Each of our dates contains so many missed opportunities.
For Date Seven, I think of the number of times I could have touched BFD while we were seated next to each other at dinner, or how long he waited for me to move next to him to I could lay in his arms post-sex. I don’t know why I don’t throw my arms around his waist and hug him more often. I don’t know why I am so physically standoffish.
I think I am still carrying some baggage from my relationships with A and BP — I am nervous about initiating physical contact because they were so weird about it. I think I am afraid to be vulnerable with him, to put myself too far out there, to reach out too much and end up pushing him away. I know it doesn’t make much sense. Well, it does make sense, but it’s fucked up.

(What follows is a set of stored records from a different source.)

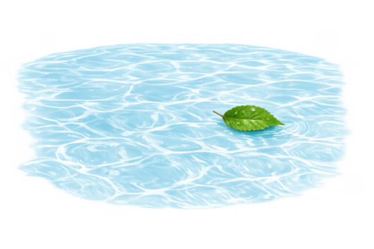 Green leaf floating on clear blue water with ripples, symbolizing freshness, nature, purity, and renewal on transparent background
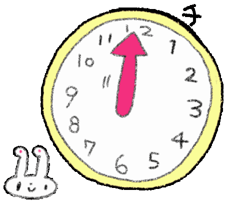 Mediusachan rabbit character with a hand-drawn clock showing 4:20, accompanied by 'Chi Chi Chi' sound effect.
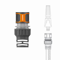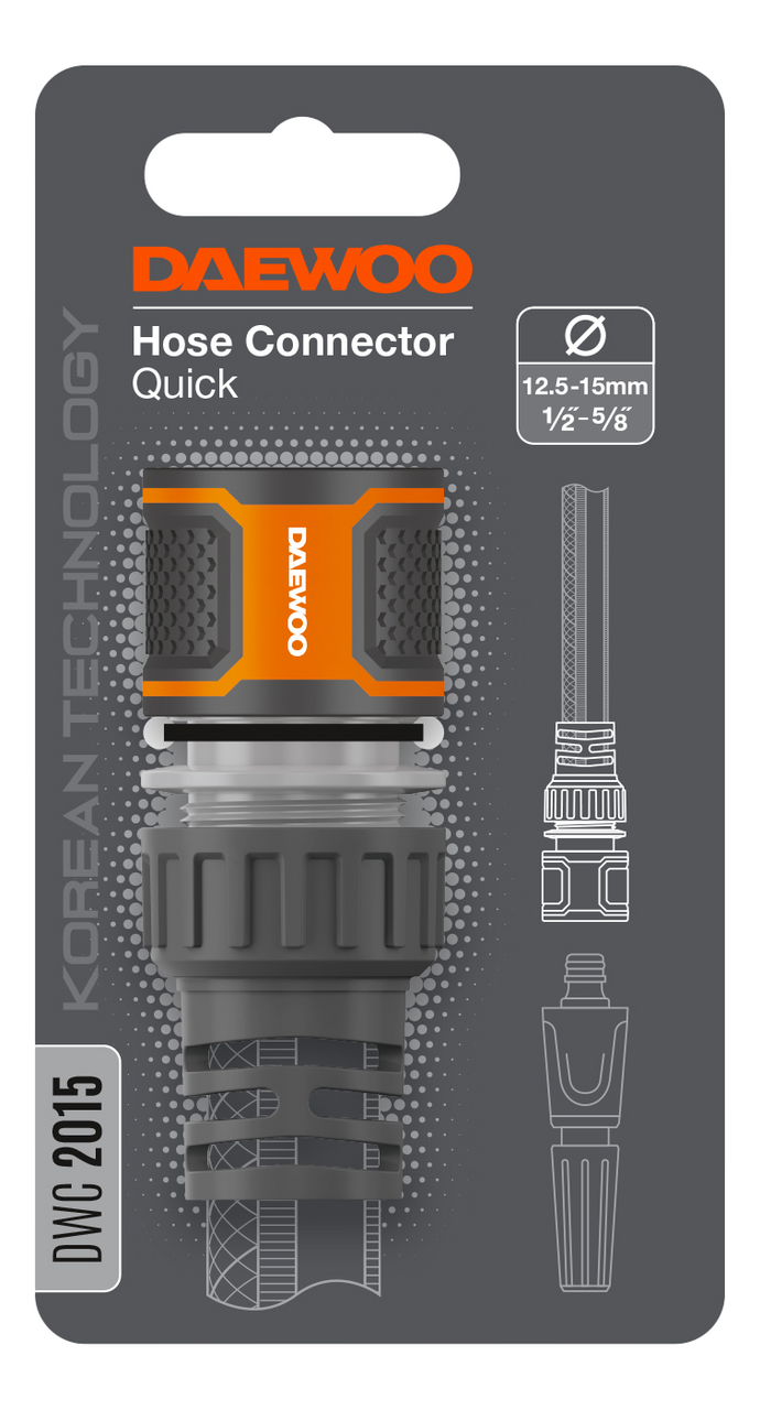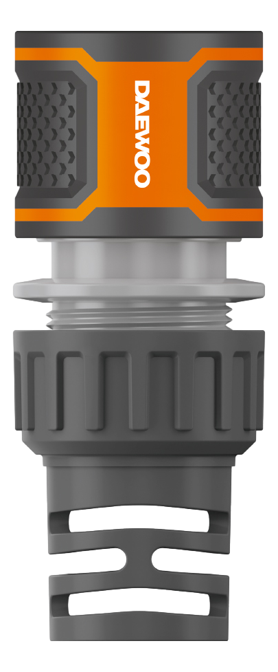 Позволяет быстро подключить шланг диаметром 13-15мм (1/2-5/8) к разбрызгивателю или другой насадке. Изготовлен из ударопрочного ABS пластика для долгого срока службы. Прорезиненные поверхности и эргономичная форма для удобной эксплуатации. Надёжный 3х-лепестковый замок и жесткая металлическая пружина обеспечивают плотную фиксацию штуцера, что исключает протекание воды в соединении. Совместим с базовой системой полива Daewoo и других производителей. Удлинённый хвостовик препятствует заломам и повреждению шланга в месте крепления. Фиксаторы шланга выполнены из эластичного полипропилена и гарантируют крепкое соединение даже при высоком давлении.
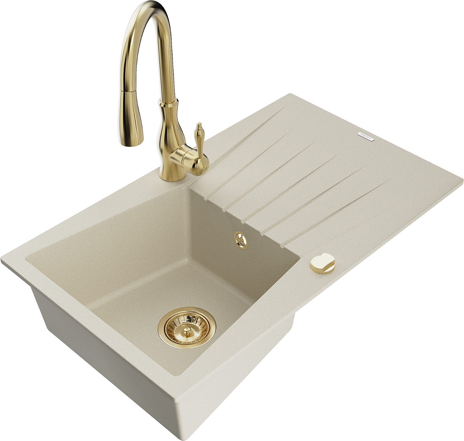 Mexen Cesar 1-bowl granite kitchen sink with drainer and Savita tap, beige - 6514-69-672601-50
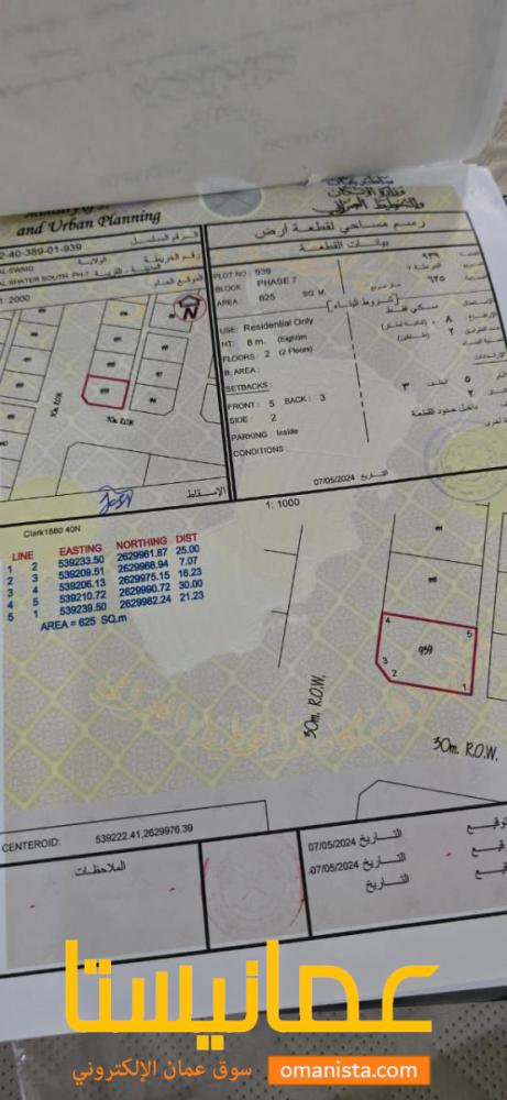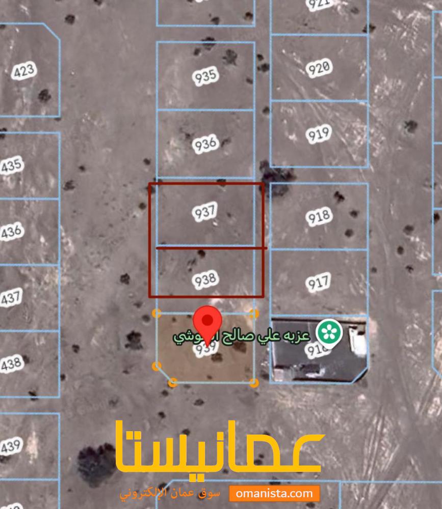 للبيع ثلاث اراضي شبك في بركاء الشاطر 7 كونر – وسطية – وسطية ، القطعة (939-938-937) .

Part of my problem is that I have BP in my life. Technically, we sort of ended things forever on Friday, even though we have not had a real date since August. We speak all the time, but it’s been over since before I met BFD. Still, there is a part of me that keeps holding back because of the BP complications: just because I am not dating BP does not mean that he wants me dating anyone else.
Part of my problem is that I really like BFD but I have no idea what I am doing. I should probably tell him that at some point. I am nervous all the time about fucking something up because I have no idea what I am doing. I don’t know how to date.
Bigger problem: he’s my boyfriend, so he gets insulted when I don’t seem to realize that. I still can’t type that without wanting to put massive qualifiers: I think he’s my boyfriend; I guess he’s my boyfriend. We are monogamous. We see each other fairly regularly. We speak daily. I mean, I guess he’s my boyfriend. Why can’t I just say it like it is. BFD is my boyfriend. I should friend him on facebook instead of just checking out his profile.
I made my first real overture to him last night — an invitation to dinner, prepared by me — which he rejected. Still, I made it and that was a good thing. I will try again. I will try to be more physically affectionate with him. We now kiss upon seeing each other, always initiated by him, but it does not need to be that way. He has started always coming to the door, though it’s a pain to park and come upstairs. He does not always walk me up, but he has a few times, including last night.
When I am with him, I tend to get very nervous and reservered. When I am sitting here, thinking about him, I just beam. He is far from perfect, but I find his foibles endearing.